> _Data to examine_
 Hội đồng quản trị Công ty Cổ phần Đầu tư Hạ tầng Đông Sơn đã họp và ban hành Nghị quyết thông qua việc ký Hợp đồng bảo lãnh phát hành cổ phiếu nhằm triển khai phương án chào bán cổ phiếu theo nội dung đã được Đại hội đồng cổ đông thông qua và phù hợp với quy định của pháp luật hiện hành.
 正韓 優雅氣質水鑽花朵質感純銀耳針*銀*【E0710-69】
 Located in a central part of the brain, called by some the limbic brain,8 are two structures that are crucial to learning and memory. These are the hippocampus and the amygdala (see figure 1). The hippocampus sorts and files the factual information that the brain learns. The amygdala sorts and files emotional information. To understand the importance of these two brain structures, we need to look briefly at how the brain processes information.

---

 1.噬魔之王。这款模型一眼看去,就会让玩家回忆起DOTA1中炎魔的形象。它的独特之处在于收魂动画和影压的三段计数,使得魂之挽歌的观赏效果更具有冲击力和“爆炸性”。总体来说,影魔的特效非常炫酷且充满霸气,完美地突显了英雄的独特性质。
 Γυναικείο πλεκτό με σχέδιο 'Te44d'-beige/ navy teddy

> _Task goal_
Transcribe the records above from the line holding "Hội đồng quản" down to the line holding "正韓 優雅氣質水鑽花朵質感純銀耳針*銀*【E0710-69】", inclusive, without adding anything.

> _Task result_
 Hội đồng quản trị Công ty Cổ phần Đầu tư Hạ tầng Đông Sơn đã họp và ban hành Nghị quyết thông qua việc ký Hợp đồng bảo lãnh phát hành cổ phiếu nhằm triển khai phương án chào bán cổ phiếu theo nội dung đã được Đại hội đồng cổ đông thông qua và phù hợp với quy định của pháp luật hiện hành.
 正韓 優雅氣質水鑽花朵質感純銀耳針*銀*【E0710-69】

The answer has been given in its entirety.